_TASK TO CARRY OUT_. Exact transcription begins at the first line of the material below and ends with the line holding "7519 - اقتربت"; pictures are skipped.

_DATA LISTING_.
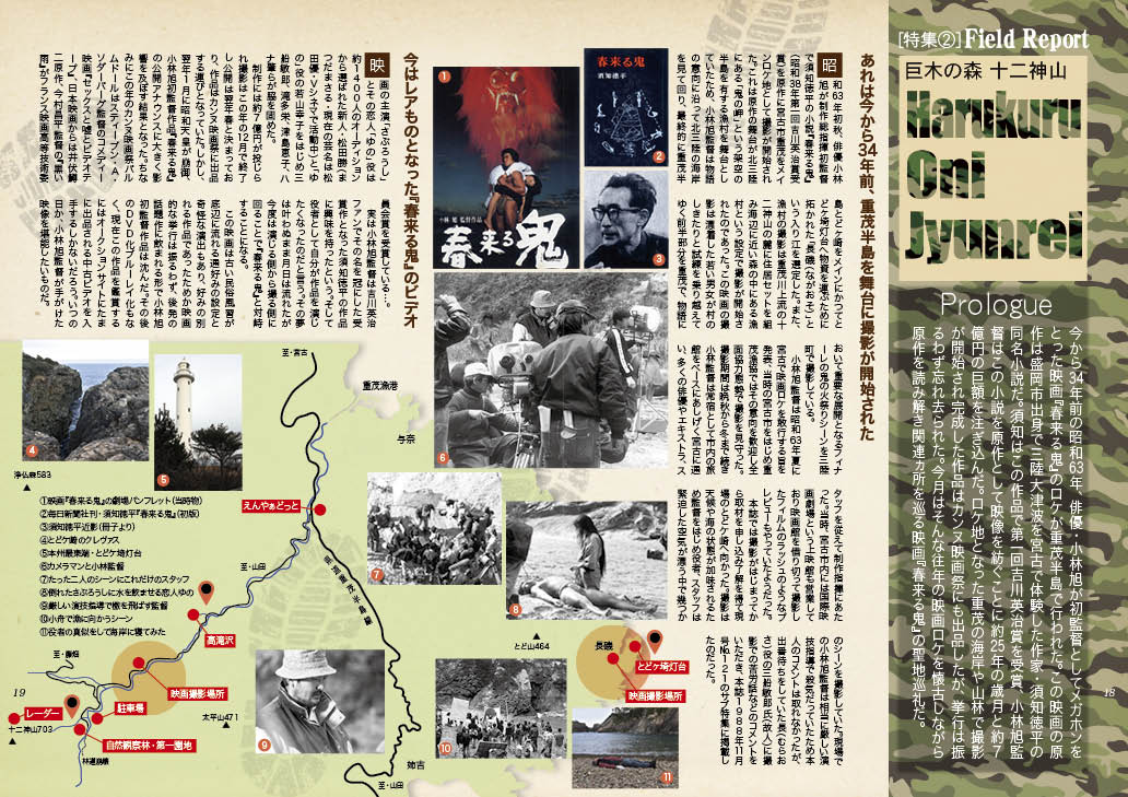 今から34年前の昭和63年、俳優・小林旭が初監督としてメガホンをとった映画『春来る鬼』のロケが重茂半島で行われた。この映画の原作は盛岡市出身で三陸大津波を宮古で体験した作家・須知徳平の同名小説だ。須知はこの作品で第一回吉川英治賞を受賞、小林旭監督はこの小説を原作として独自の感性で映像を紡ぐことに約7億円の巨額を注ぎ込んだ。ロケ地となった重茂の海岸や山林で撮影が開始され完成した作品はカンヌ映画祭にも出品したが、挙行は振るわず忘れ去られた。今月はそんな往年の映画ロケを懐古しながら原作を読み解き関連ヵ所を巡る映画『春来る鬼』の聖地巡礼だ。
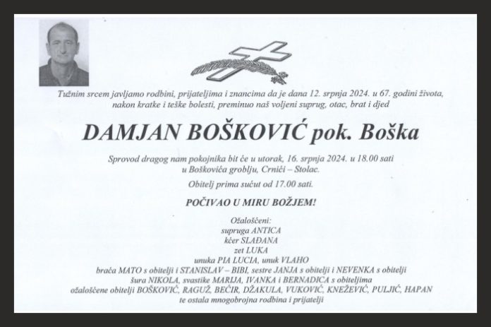 Sprovod dragog nam pokojnika bit će u utorak, 16. srpnja 2024. u 18.00 sati u Boškovića groblju, Crnići — Stolac.
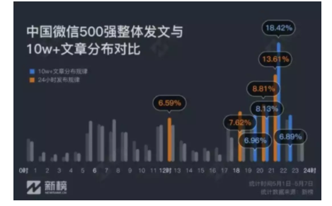 2、关于推送时间,选择了微信公众号10w+文章时间分布图示意,push可以选择8:00、12:00、20:00、21:00
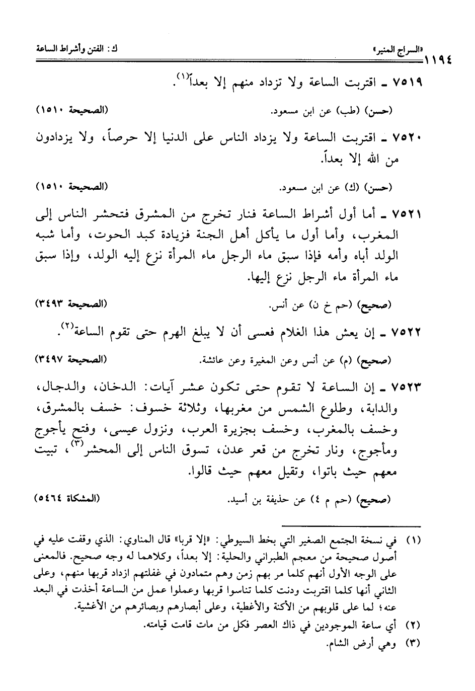 7519 - اقتربت الساعة ولا تزداد منهم إلا بعدًا (¬1).
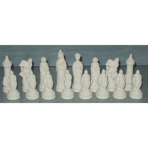Réf. 13-075-7 jeu d'échecs, seize figurines correspondantes au jeu ; biscuits de faïence fine (céramique brute à peindre ou à émailler)
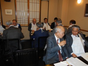 それぞれに飲んだり、食べたり、話したり、笑ったりであっという間に時間は過ぎ、通常は1番しか歌わない校歌を板橋洋一(52政経)氏のリードで3番まで斉唱して午後8時過ぎに散会。
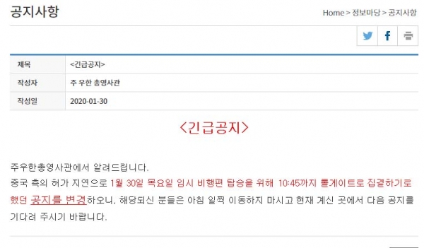 1/30일 우한에 있는 교민들을 수송하기 위해 계획되었던 대한항공 전세기 2대가
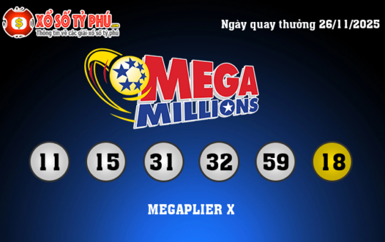 Kết quả xổ số Mega Millions ngày quay thưởng 26/11/2025 (Tính theo giờ Việt Nam) vẫn chưa tìm ra chủ...
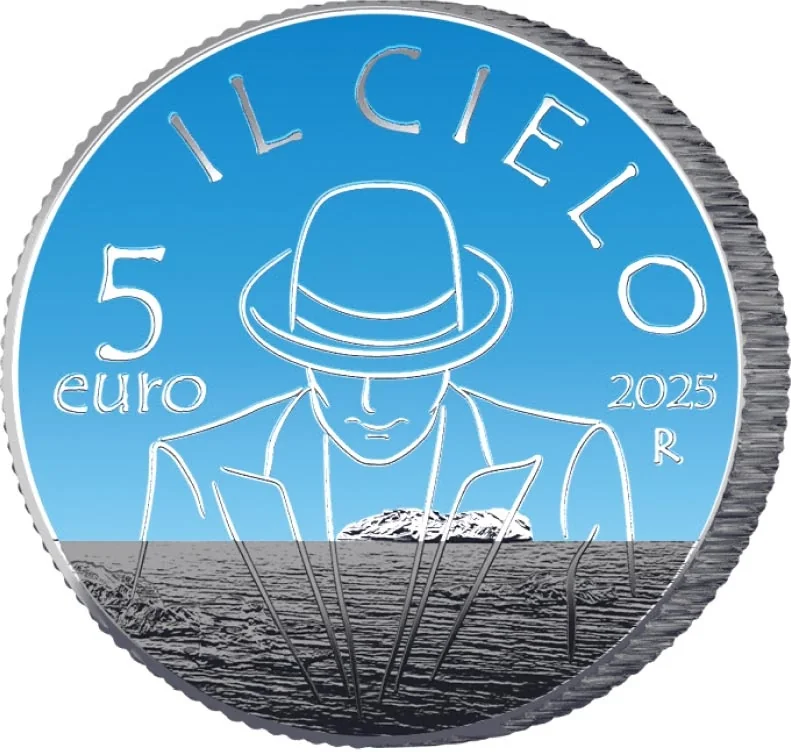 The rhodium-plated, color-accented coin features a stylized outline of Renato Zero in an iconic pose against the sky and sea that inspired him. The arch-shaped design includes the title "IL CIELO" above, with "5 EURO" on the left and "2025 R" (Rome Mint) on the right.
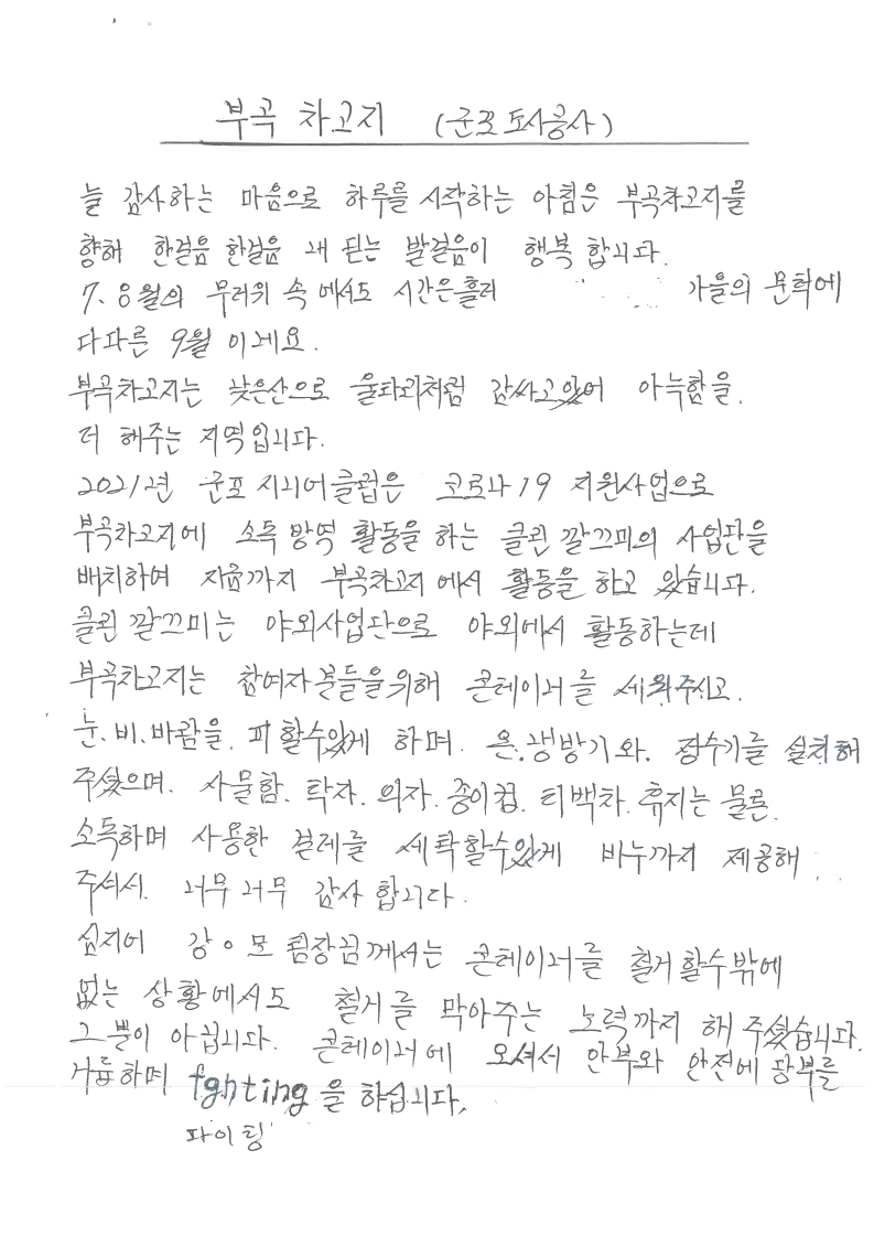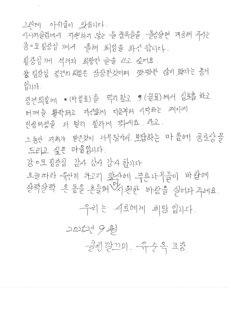 부곡버스공영차고지 강0모 팀장님 감사합니다. 작성자 이남효 등록일자 2025년 9월 22일 16시 18분 27초 조회 148 부곡버스공영차고지에서 활동하시는 어르신들의 안전과 편의를 위한 지원에 감사드립니다. 부곡버스공영차고지에 대한 감사인사_1.jpg [ Size : 330.77KB , Down : 141 ] 미리보기 다운로드 부곡버스공영차고지에 대한 감사인사_2.jpg [ Size : 240.58KB , Down : 123 ] 미리보기 다운로드 목록보기
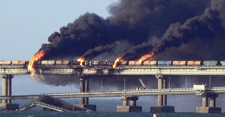 أفادت الخدمة الصحفية لسكة حديد القرم أنه في الساعة 06:05 تم تفجير شاحنة على جسر “كيرتش”، ما أدى إلى اشتعال النيران في عدد من صهاريج الوقود في قطار كان يسير عبر الجسر.
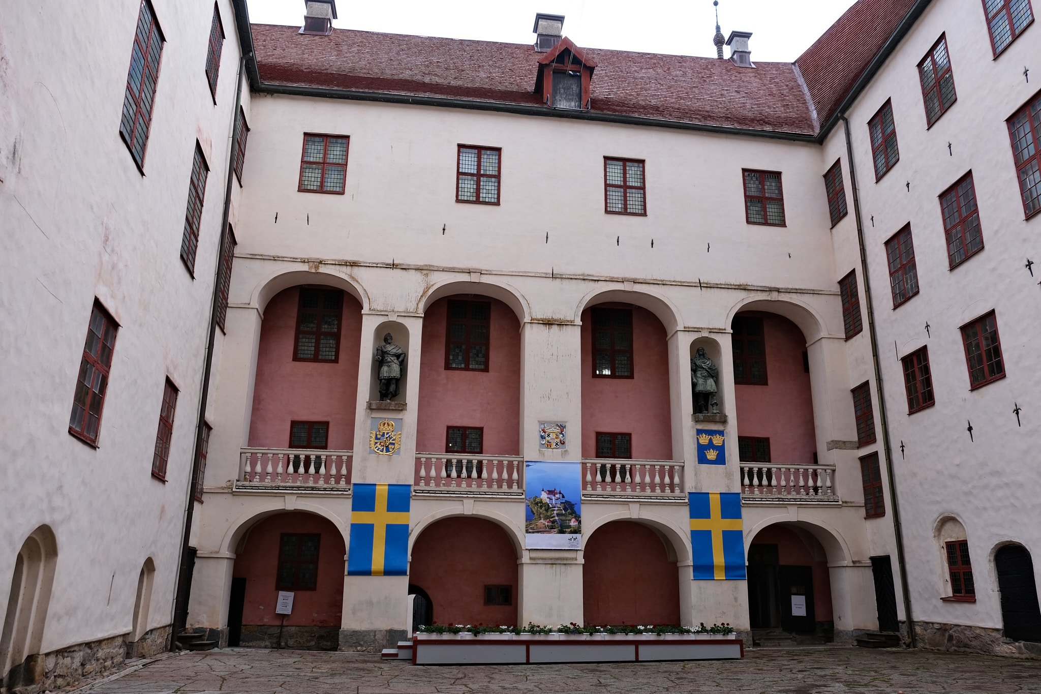 Als ich auf dem riesigen Parkplatz ankam (es gibt nur ein Tagesticket für SEK 50), schien tatsächlich die Sonne. Aber der Sturmwind war sehr kalt! Ich machte mich auf dem Weg zum Schloss, entging den Regenschauern im Schutze es Schlosses und versuchte, ein paar schöne Bilder vom Schloss und der Umgebung zu machen. Die Teilnahme an einer Führung hat mich nicht interessiert. Auch hier gäbe es durch das Naturschutzgebiet (deshalb steht hier auch ein weiteres Naturum für die Vänern-Schärenwelt) schöne Wanderwege. Aber bei arktischen Temperaturen, Sturmwind und immer wieder Regenschauern war mir auch hier nicht nach Wandern.
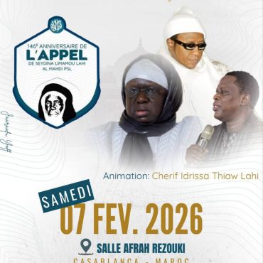 07 Fév 2026 Casablanca — Casablanca 146ème APPEL AU MAROC- Samedi 07 février 2026 Dahira Chérif Ousseynou LAHI En savoir plus
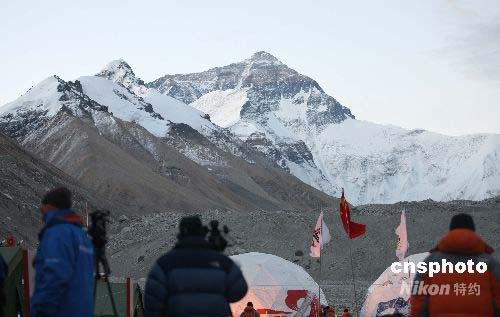 5月8日,北京奧運圣火成功登頂珠穆朗瑪峰。受邀采訪2008北京奧運火炬接力珠峰傳遞的中外媒體一早就趕到珠峰大本營,希望拍攝到中國登山隊員在珠峰的影子。在場的美聯社、路透社、法新社等眾多國際媒體第一時間報道了圣火登頂的消息。中新社發 盛佳鵬 攝

_SOLVED PROBLEM_.
 今から34年前の昭和63年、俳優・小林旭が初監督としてメガホンをとった映画『春来る鬼』のロケが重茂半島で行われた。この映画の原作は盛岡市出身で三陸大津波を宮古で体験した作家・須知徳平の同名小説だ。須知はこの作品で第一回吉川英治賞を受賞、小林旭監督はこの小説を原作として独自の感性で映像を紡ぐことに約7億円の巨額を注ぎ込んだ。ロケ地となった重茂の海岸や山林で撮影が開始され完成した作品はカンヌ映画祭にも出品したが、挙行は振るわず忘れ去られた。今月はそんな往年の映画ロケを懐古しながら原作を読み解き関連ヵ所を巡る映画『春来る鬼』の聖地巡礼だ。
 Sprovod dragog nam pokojnika bit će u utorak, 16. srpnja 2024. u 18.00 sati u Boškovića groblju, Crnići — Stolac.
 2、关于推送时间,选择了微信公众号10w+文章时间分布图示意,push可以选择8:00、12:00、20:00、21:00
 7519 - اقتربت الساعة ولا تزداد منهم إلا بعدًا (¬1).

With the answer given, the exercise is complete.